• _Task objective_
For the entries below, the result should be an exact transcription of the lines from the one with "Grote rumpot welke" up to and including the one with "Список пассажиров Чтобы", and only those.

• _Information supplied_
┌──

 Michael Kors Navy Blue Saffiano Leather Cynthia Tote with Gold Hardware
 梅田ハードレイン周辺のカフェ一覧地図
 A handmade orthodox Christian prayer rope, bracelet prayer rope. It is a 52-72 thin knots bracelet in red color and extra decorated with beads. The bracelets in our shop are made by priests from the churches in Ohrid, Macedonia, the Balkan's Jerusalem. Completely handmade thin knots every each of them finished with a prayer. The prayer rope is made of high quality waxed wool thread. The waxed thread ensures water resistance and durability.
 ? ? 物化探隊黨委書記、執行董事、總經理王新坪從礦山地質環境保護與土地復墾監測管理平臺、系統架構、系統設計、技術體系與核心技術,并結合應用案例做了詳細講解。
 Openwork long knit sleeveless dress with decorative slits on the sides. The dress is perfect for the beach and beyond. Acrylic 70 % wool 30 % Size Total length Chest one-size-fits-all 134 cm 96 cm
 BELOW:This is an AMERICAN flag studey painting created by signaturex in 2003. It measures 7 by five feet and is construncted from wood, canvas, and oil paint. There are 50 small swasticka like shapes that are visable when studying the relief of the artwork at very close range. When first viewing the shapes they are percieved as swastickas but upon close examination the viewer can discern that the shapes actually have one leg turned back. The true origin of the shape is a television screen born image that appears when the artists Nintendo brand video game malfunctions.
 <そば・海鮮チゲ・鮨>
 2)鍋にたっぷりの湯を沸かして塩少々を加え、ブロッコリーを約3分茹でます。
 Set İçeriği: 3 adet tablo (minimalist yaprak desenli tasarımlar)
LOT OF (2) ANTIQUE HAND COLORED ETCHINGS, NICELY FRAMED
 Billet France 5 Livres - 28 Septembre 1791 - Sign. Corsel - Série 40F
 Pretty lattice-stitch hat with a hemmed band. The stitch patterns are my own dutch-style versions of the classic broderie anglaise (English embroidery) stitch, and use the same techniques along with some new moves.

└──
┌──

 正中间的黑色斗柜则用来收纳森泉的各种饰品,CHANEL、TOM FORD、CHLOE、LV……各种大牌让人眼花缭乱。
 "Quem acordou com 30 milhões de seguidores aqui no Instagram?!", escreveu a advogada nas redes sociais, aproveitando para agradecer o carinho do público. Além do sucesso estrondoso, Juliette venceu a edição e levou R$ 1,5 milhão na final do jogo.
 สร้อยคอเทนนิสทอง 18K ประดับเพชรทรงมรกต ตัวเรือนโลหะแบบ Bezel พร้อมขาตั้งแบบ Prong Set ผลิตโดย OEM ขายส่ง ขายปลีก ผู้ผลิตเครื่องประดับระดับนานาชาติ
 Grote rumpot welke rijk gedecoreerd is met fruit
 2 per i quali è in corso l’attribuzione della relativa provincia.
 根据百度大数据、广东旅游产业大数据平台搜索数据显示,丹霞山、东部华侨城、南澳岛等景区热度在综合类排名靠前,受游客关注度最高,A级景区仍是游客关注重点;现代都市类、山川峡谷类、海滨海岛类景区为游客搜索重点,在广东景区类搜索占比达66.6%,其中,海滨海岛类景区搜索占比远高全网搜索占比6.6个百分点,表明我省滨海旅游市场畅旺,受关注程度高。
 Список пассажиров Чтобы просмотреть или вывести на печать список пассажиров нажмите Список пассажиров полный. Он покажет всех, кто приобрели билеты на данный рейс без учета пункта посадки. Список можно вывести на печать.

└──

• _Exercise result_
 Grote rumpot welke rijk gedecoreerd is met fruit
 2 per i quali è in corso l’attribuzione della relativa provincia.
 根据百度大数据、广东旅游产业大数据平台搜索数据显示,丹霞山、东部华侨城、南澳岛等景区热度在综合类排名靠前,受游客关注度最高,A级景区仍是游客关注重点;现代都市类、山川峡谷类、海滨海岛类景区为游客搜索重点,在广东景区类搜索占比达66.6%,其中,海滨海岛类景区搜索占比远高全网搜索占比6.6个百分点,表明我省滨海旅游市场畅旺,受关注程度高。
 Список пассажиров Чтобы просмотреть или вывести на печать список пассажиров нажмите Список пассажиров полный. Он покажет всех, кто приобрели билеты на данный рейс без учета пункта посадки. Список можно вывести на печать.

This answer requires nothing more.